Malayan tiger, Belahat, and Sumatran Orangutan, Butch, are now on exhibit where visitors can see them.
Both animals are part of a breeding recommendation from the Association of Zoos and Aquariums (AZA) Species Survival Plan (SSP). The SSP's mission is to conserve species such as the Malayan tiger and Sumatran orangutan which are currently critically endangered. Zoo management and keepers have worked diligently to slowly introduce both of these animals to their new mates- a common practice throughout zoos for the safety and well-being of the animals.
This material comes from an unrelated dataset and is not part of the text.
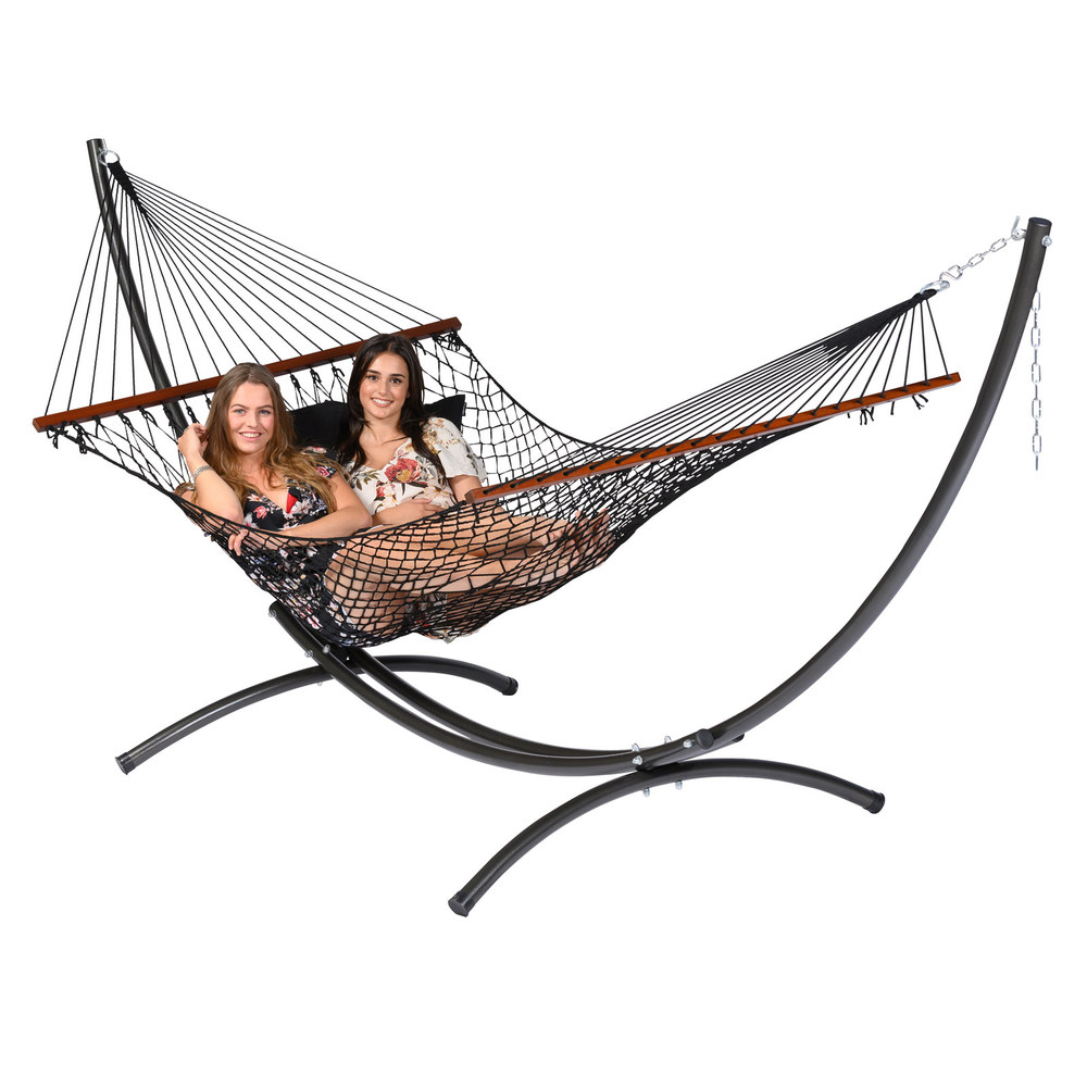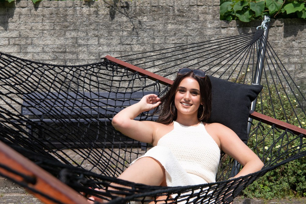 A háló nem csomózott, hanem fonott, így a végeredmény nagyon kényelmes. Az egyedülálló kettős fonási technika akár 40%-kal nagyobb teherbírást kínál, mint a hasonló függőágyak.
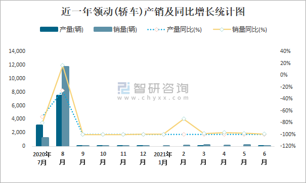 近一年領動(轎車)產銷及同比增長統計圖

"We are happy to have Belahat and Butch in our care. Both of these animals are extremely important to the survival of their species and we are looking forward to having a successful breeding between Belahat and Seri and Ibu and Butch," said Asia Collections Supervisor Griselda Martinez.
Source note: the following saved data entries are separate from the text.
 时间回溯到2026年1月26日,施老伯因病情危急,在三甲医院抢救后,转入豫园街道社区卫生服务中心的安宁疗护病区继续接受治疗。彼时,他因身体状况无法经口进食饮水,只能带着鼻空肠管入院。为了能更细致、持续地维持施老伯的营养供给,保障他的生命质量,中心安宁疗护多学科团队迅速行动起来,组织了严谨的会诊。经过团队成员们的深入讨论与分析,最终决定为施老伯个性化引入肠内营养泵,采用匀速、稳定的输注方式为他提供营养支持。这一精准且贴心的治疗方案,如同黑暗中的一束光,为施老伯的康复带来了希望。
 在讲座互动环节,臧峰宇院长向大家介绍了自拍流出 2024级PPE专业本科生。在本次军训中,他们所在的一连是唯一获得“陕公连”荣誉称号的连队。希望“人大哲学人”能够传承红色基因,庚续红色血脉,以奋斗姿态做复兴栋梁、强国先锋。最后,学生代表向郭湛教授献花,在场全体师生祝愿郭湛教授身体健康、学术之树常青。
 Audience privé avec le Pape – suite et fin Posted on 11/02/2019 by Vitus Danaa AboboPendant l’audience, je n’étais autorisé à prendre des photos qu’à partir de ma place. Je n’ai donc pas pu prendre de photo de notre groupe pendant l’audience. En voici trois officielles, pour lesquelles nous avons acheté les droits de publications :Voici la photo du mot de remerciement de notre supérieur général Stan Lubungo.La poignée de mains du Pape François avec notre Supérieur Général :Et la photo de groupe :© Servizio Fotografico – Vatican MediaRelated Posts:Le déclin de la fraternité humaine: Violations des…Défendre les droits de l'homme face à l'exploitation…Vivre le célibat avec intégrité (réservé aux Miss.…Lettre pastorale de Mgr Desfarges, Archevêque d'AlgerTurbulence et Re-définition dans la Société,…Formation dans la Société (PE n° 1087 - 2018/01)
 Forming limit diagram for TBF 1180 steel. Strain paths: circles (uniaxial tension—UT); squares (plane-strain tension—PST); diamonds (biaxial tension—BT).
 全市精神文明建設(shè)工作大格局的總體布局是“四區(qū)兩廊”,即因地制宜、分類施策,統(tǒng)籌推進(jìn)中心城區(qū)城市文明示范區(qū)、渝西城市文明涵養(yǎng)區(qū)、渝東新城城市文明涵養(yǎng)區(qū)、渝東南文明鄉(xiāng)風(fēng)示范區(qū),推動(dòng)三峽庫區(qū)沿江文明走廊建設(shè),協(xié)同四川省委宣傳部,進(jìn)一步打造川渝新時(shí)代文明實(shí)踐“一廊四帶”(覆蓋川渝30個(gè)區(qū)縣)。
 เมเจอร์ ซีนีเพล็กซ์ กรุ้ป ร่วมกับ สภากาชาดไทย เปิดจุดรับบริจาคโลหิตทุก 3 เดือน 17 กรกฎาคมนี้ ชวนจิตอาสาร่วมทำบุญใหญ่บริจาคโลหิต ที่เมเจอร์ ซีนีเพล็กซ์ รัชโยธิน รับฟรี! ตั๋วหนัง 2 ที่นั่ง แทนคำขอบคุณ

Belahat is a 13-year-old Malayan Tiger that was transferred to the El Paso Zoo from Omaha's Henry Doorly Zoo. Butch is a 27-year-0ld Sumatran Orangutan that was transferred to the El Paso Zoo from the Cincinnati Zoo in March 2011 to breed with 21-year-old Ibu.
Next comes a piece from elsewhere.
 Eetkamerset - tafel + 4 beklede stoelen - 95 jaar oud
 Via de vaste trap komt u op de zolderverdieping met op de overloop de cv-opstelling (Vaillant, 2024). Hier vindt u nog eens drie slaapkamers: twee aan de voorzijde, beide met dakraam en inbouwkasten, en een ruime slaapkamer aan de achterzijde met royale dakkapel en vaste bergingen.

Martinez said that Butch is very shy and tends to not give eye contact a lot to Ibu and when Ibu tries to touch him he usually runs away. Martinez said it is because male Orangutans are solitary animals and tend to be reserved.
Belahat isn't as shy as Butch and is enjoying flirting with Seri through a mesh barrier. The two are never on exhibit together at the same time and are kept separate until it is time to breed.
In summer 2011, Seri unexpectedly killed Wzui, her mate, in the tiger exhibit.
Officials said both tigers were seen playing and being affectionate on exhibit the morning of the killing.
Wzui and 3-year-old Seri, a female, arrived at the zoo in early 2011 at the recommendation of the Malayan Tiger Species Survival Plan, a program that allows accredited zoos to help breed endangered species.
The young couple moved in with the then-15-year-old Meli, the zoo's longtime female resident tiger.
Wzui appeared to like them both officials said last year but the females seemed jealous of each other.
"Females normally don't get along that well to begin with," Martinez said last year. "but then when Wzui came into the picture, it was a little tougher because now we had three tigers in there."
Malayan tigers in captivity have a high survival rate due to the lack of predators, say zoo officials, but they are endangered across Asia where their total population size is estimated to be less than 2,500.